Data shown:
━━━━━━━━
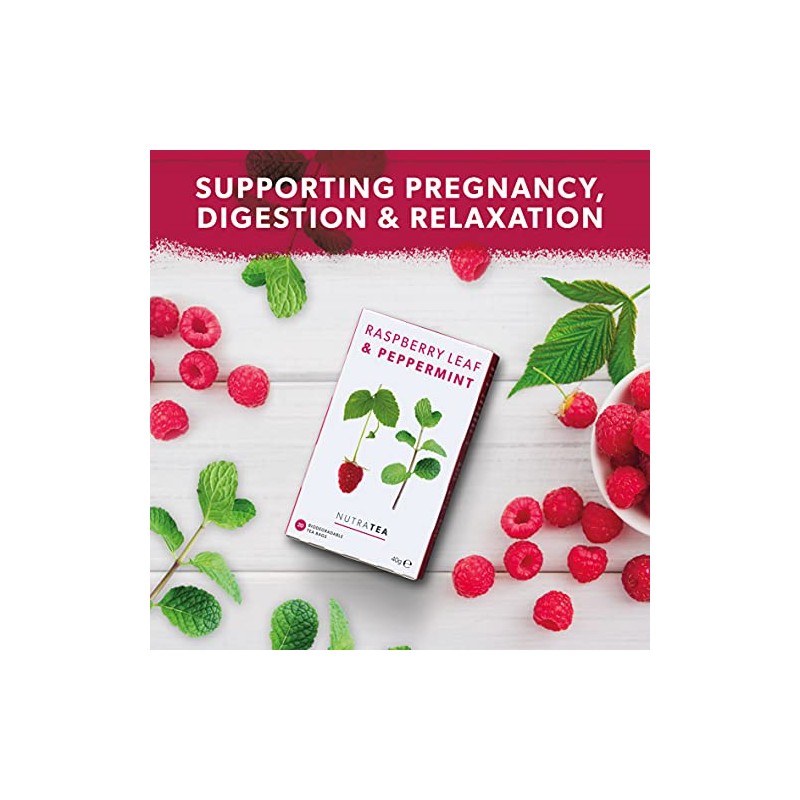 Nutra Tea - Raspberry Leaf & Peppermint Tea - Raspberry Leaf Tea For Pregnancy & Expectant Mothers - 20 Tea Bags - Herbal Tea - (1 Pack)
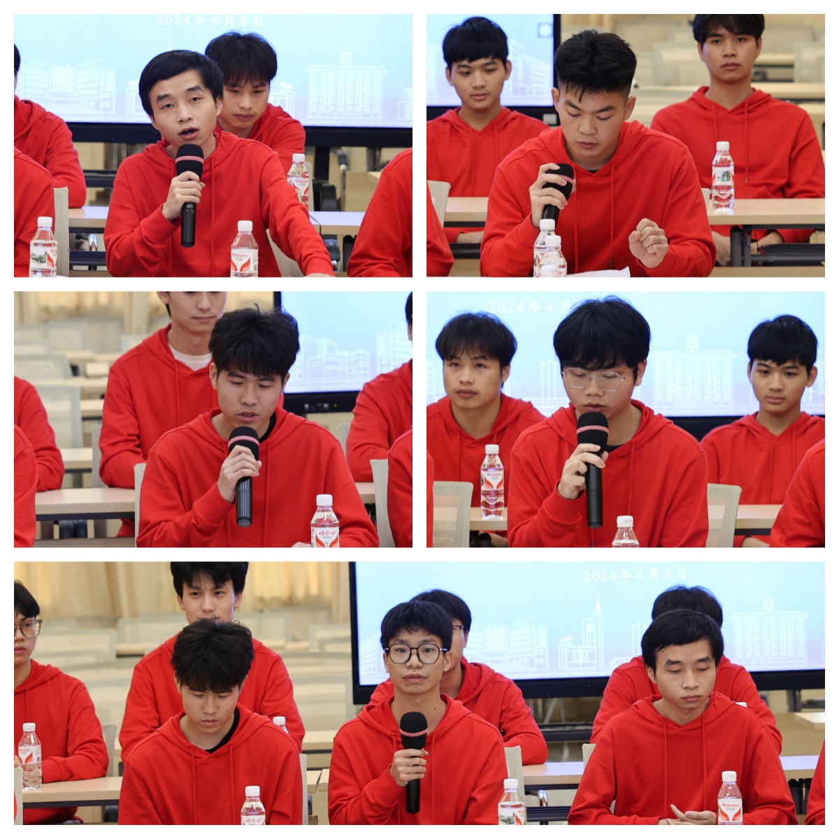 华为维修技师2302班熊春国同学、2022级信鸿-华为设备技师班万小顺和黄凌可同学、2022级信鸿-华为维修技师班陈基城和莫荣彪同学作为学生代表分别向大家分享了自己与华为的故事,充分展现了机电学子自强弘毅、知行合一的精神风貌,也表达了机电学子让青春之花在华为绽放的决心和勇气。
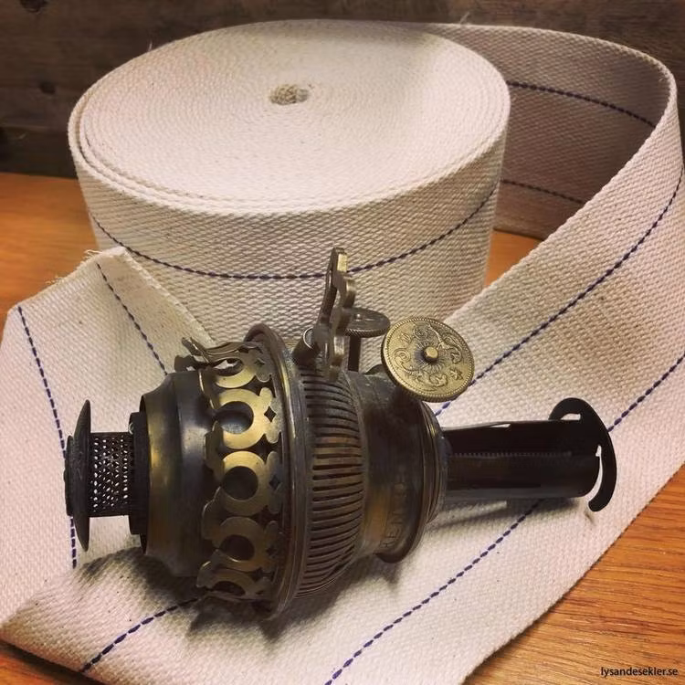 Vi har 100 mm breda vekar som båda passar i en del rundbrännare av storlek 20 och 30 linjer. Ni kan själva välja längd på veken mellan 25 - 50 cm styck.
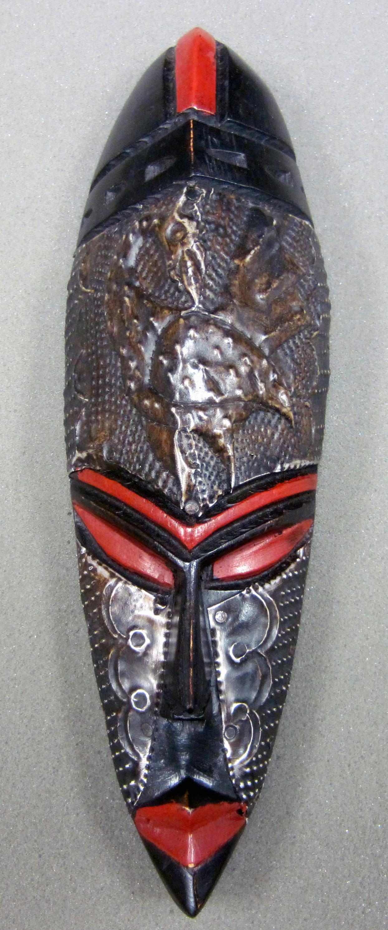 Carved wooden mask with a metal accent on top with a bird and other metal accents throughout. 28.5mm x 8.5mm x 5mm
━━━━━━━━
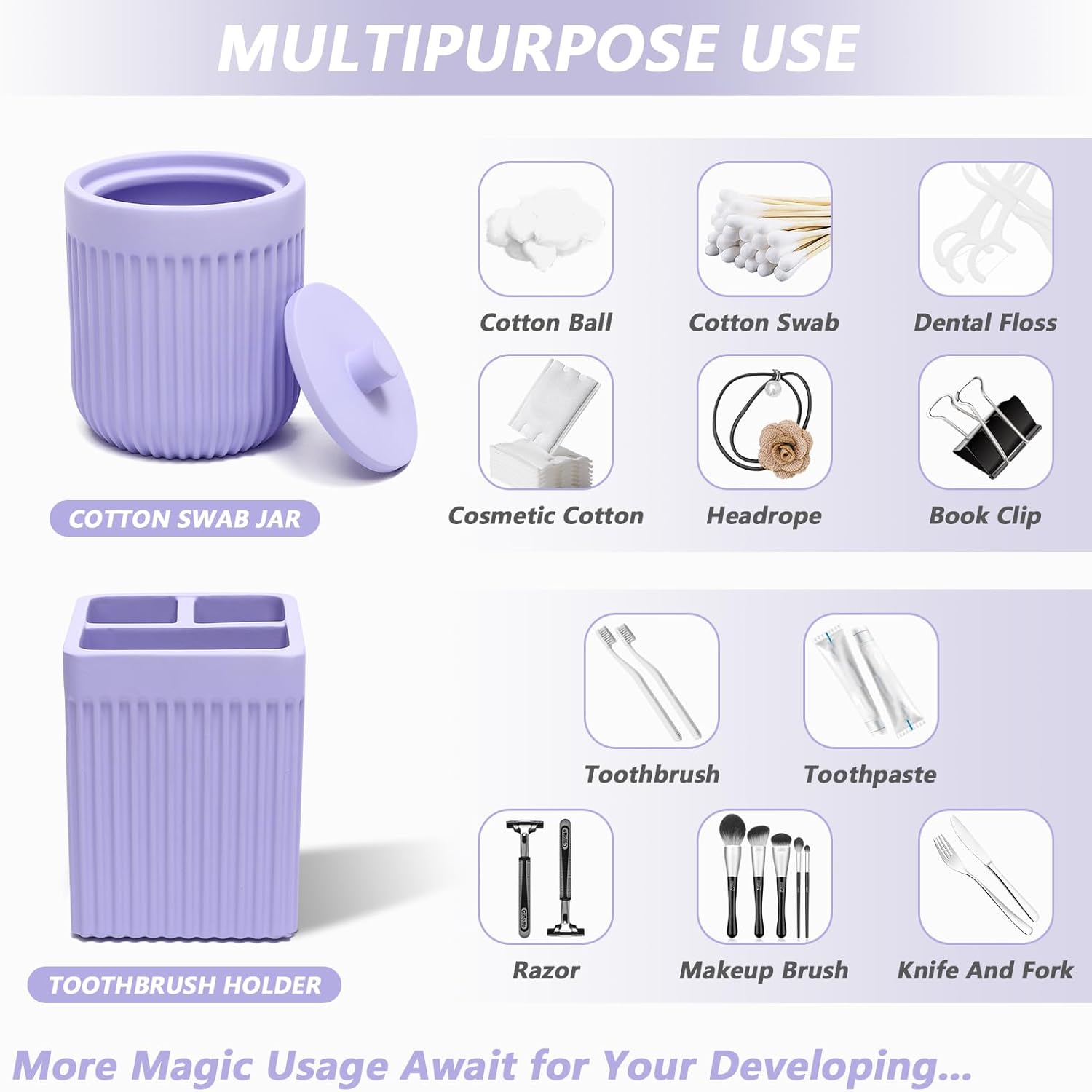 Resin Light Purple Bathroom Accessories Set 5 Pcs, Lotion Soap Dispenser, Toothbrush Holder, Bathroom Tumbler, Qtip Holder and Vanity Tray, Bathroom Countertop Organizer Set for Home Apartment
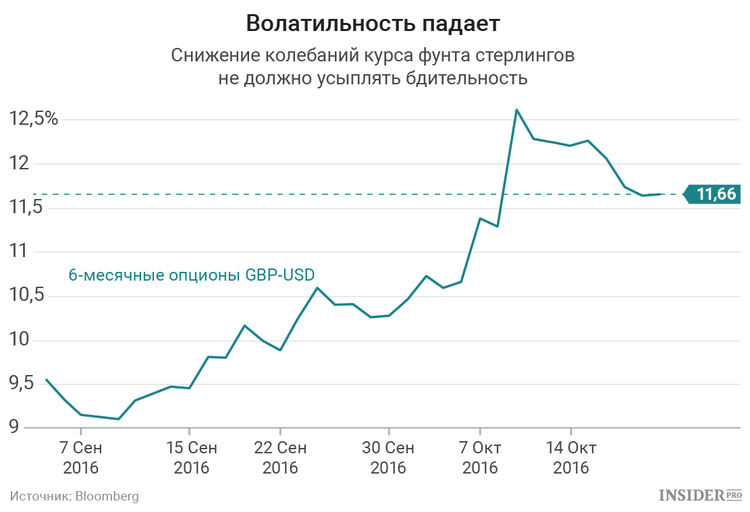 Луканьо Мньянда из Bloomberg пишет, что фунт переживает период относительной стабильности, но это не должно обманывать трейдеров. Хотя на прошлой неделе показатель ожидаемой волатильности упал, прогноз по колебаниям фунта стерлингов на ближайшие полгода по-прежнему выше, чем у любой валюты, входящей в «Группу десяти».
━━━━━━━━
Task goal: Transcribe, word for word, the stretch of lines in the data above from the one with "华为维修技师2302班熊春国" through the one with "Vi har 100 mm"; omit all pictures.

Output below:
 华为维修技师2302班熊春国同学、2022级信鸿-华为设备技师班万小顺和黄凌可同学、2022级信鸿-华为维修技师班陈基城和莫荣彪同学作为学生代表分别向大家分享了自己与华为的故事,充分展现了机电学子自强弘毅、知行合一的精神风貌,也表达了机电学子让青春之花在华为绽放的决心和勇气。
 Vi har 100 mm breda vekar som båda passar i en del rundbrännare av storlek 20 och 30 linjer. Ni kan själva välja längd på veken mellan 25 - 50 cm styck.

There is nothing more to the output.